> [DATA SECTION]:
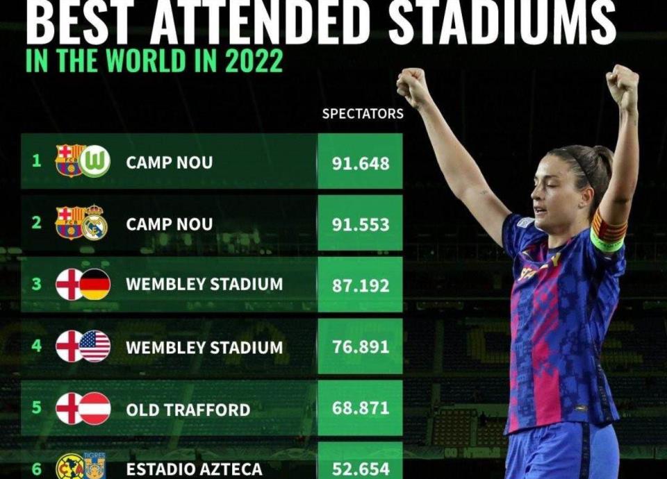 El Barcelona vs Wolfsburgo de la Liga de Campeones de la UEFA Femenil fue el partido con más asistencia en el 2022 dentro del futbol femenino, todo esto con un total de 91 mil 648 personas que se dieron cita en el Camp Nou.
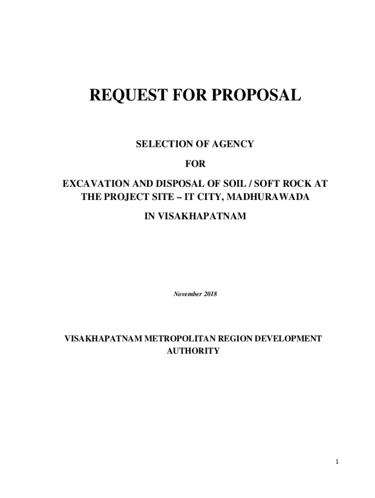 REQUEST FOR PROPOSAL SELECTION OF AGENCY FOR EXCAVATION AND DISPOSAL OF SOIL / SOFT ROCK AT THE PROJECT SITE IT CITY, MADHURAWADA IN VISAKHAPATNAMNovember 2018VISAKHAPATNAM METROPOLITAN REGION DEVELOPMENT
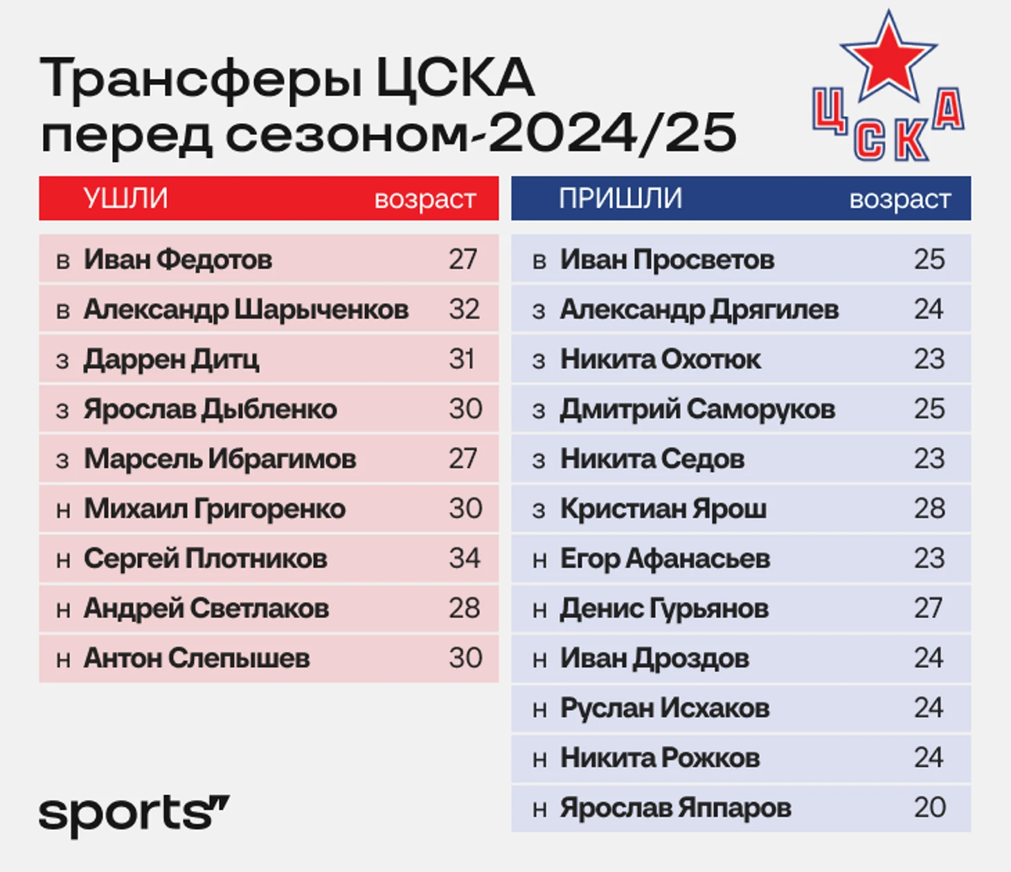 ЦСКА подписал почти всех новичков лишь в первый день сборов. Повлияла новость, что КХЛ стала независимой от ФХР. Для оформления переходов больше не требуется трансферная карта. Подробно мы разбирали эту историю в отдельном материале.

> [EXERCISE BRIEF]: Exactly the lines from the one containing "REQUEST FOR PROPOSAL" through the last line of the material above, both included and free of pictures, should make up your answer, please.

> [RESPONSE BELOW]:
 REQUEST FOR PROPOSAL SELECTION OF AGENCY FOR EXCAVATION AND DISPOSAL OF SOIL / SOFT ROCK AT THE PROJECT SITE IT CITY, MADHURAWADA IN VISAKHAPATNAMNovember 2018VISAKHAPATNAM METROPOLITAN REGION DEVELOPMENT
 ЦСКА подписал почти всех новичков лишь в первый день сборов. Повлияла новость, что КХЛ стала независимой от ФХР. Для оформления переходов больше не требуется трансферная карта. Подробно мы разбирали эту историю в отдельном материале.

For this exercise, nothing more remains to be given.